It's been running on three weeks now since I've written a new blog post, and sitting here now, typing away I can't help but wonder...is it the lack of wanting to finish reading that bizarre book assigned for my English class? Or is it the lack of roommates milling around the apartment? Or just the fact that somewhere in the back of my mind, in a neglected and rusted drawer, the weight of cummulating ideas is making the floorboards creak without the touch of a foot, or has even caused the drawer itself to spring open with a curdling metallic shriek, pinning me to my chair before my laptop as ideas tumble out on dog-eared pages and thick folders spit out their contents as if they were holding them in until the right moment.
Whatever the reason, I cannot deny a simple fact, that being the lack of comments I receive on my blog responding to each post. Now obviously I'm no buzz-worthy blogger in the least, but I'm sure any run-of-the-mill blogger would appreciate a few comments here and there. It becomes disheartening when you add blog post after blog post...and nothing in return. It's like a professor standing before a chalkboard, the white dust falling steadily from the nubby piece of chalk as his sweeping arm mimics his thunderous voice raising to the cavernous roof of the lecture hall, the board is lost in a blur of hand and steady cursive. Then he turns around, his chest rising and falling with the same intoxicating passion that catapulted him through his undergraduate years, smile as wide as the chalkboard stretching behind him like a sacred stone, inscribed with the words of his very heart, its porous facade embedded with the sweat and tears of his work, his unspoken worries, his...he realizes all the students have fallen asleep, their head and shoulders slumped against their seats, books lying askew, upside down, on the floor, or perilously close to the edge, or their pages left to flap in the wind slipping through the window. Is the wind all that cares what I have to say, he wonders? Is it the only voice left that will listen and respond? Perhaps I shall lecture to the wind then.

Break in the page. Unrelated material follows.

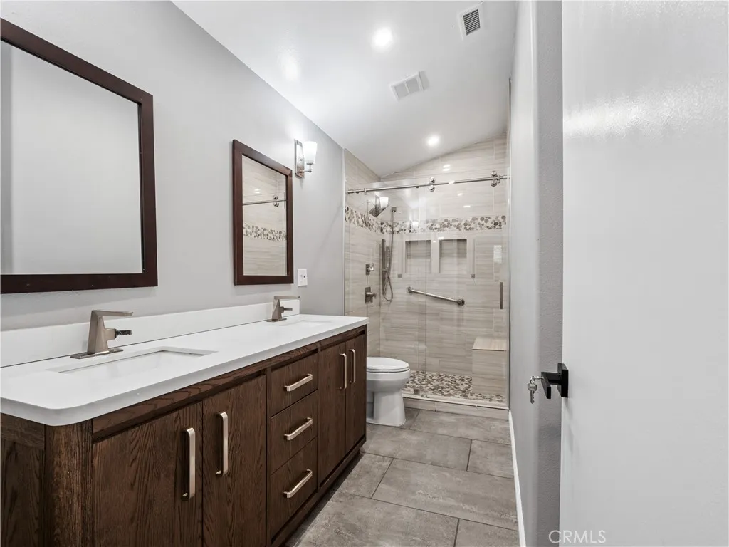 Welcome to 11374 Old Ranch Circle, a stunning home located in the highly desirable community of California West. Tucked away on a peaceful cul-de-sac, this beautifully updated home offers the perfect balance of elegance, functionality, and California indoor-outdoor living. Featuring 2 bedrooms, 3 bathrooms, and 1,427 square feet of living space, this home is ideal for both comfortable living and sophisticated entertaining. Step inside to find a dramatic entry with soaring ceilings and an abundance of natural light that pours through oversized windows. The formal living room is anchored by a fireplace creating a welcoming space for gatherings, and sliding glass doors that lead to the outdoor patio surrounded by lush trees and greenery. The chefs kitchen is a true highlight, complete with custom cabinetry, Quartz countertops and stainless steel appliances. The main level also offers a 1/2 bathroom. Upstairs, the luxurious primary suite serves as a private retreat, featuring vaulted ceilings, dual walk-in closets, and a spa-inspired en-suite with dual vanities, and a separate glass-enclosed shower. The secondary master bedroom is spacious and bright, with a walk-in closet and is complemented by its own updated bathroom. Additional highlights include an attached 2-car garage with direct access, an in-unit laundry, central heating and air conditioning, and elegant upgrades throughout including engineered wood flooring and recessed lighting. The community offers its residents 2 separate sparkling pool and spa areas, each with large grassy areas to enjoy. Mature landscaping surrou

Now I understand, there may be a good deal of people who do in fact read my blog posts, and just don't care or bother to respond. But I guess what I have come to understand about myself is that I need concrete evidence of that. Am I then asking for comments? Perhaps. Or is there a bigger question looming out there like stumbling into an empty room and immediately sensing that the crowding, intrusive darkness is hiding walls and a ceiling arching high above you, only they're right against your skin, crawling up your back with their sheer volume, their lofty height. What is this bigger question you ask? Is it that of, with the lack of feedback on my blog posts, why do I bother blogging at all? I'm sure there are plenty of other outlets I could scrounge behind furniture and along the lengths of baseboards for. Why does it always have to be this outlet? Because, even with the lack of comments, I still love blogging. There is something about seeing an idea, a seed from the endless labyrinth of filing cabinets in my mind, planted amongst the old-fashioned background and other posts, and unfurl from the cloudy soil I have formed it into...and become something I can look back on, and smile, and perhaps even gain further inspiration from.
Perhaps the lack of feedback also has to do with what I write about, which obviously always invariably comes back to writing. Which as I've mentioned before in other blog posts, is something I don't ever intend to deliberately change. For just like I always come back to writing, and music, and photography, and old houses, and the countryside...there are others who devote their own blogs solely to a cluster of things: home decorating, cooking, cleaning, children...the list could go on. And just as these subjects thrive on blogs, and obtain cult followings, why I ask, can't my own blog? After all, it's been surfing the endless waters of the Internet since I started attending college, way back in good ol' 2008! And might I just add that such a fact makes me feel a trifle old. Yes, folks, I did just use the word old to describe myself, but only in the reflective sense that it'll be going on three years since I graduated high school, and in June of next year most of the people I graduated with...will be graduating college! So, how's that for perspective on old?
But, not surprisingly, I digress. Honestly, the idea is lost on me how I market my blog in order to reach out to the audience of blog-followers that love the things my blog thrives on. Now I know I haven't really taken any lengths to customize it like some of the bloggers I follow, and the honest answer to that is...I simply haven't learned how! Which might strike you as a little ridiculous, but I guess I never saw any point in it. My shabbyblogs.com background is more than enough customization, if you will. And after all, it shouldn't be the mere look of my blog that draws people to it.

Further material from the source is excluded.